Task instructions | Identify the line with "Millennium von Pocci"; copy word for word that line and every one after it, to the end of the listing. Exclude pictures.

Available data |
****************

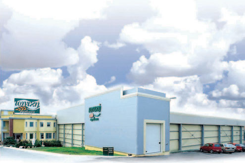 Configuration of an air-conditioned vegetable handling area and a shipping ramp.
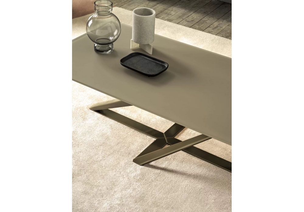 Millennium von Pocci & Dondoli für Bontempi entworfen, ist ein rechteckiger Couchtisch mit Stahlstruktur und Platte aus Glas, Holz oder Marmor, verfügbar in verschiedenen Ausführungen und Größen.
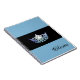 Notebook shown with a photo print of a gleaming Baby Blue coloured crown print on a black background and a personalised name. Notebook shown in Pool Blue. Customise this item and change the name to yours or take off, or purchase as shown.

****************

Result of this task |
 Millennium von Pocci & Dondoli für Bontempi entworfen, ist ein rechteckiger Couchtisch mit Stahlstruktur und Platte aus Glas, Holz oder Marmor, verfügbar in verschiedenen Ausführungen und Größen.
 Notebook shown with a photo print of a gleaming Baby Blue coloured crown print on a black background and a personalised name. Notebook shown in Pool Blue. Customise this item and change the name to yours or take off, or purchase as shown.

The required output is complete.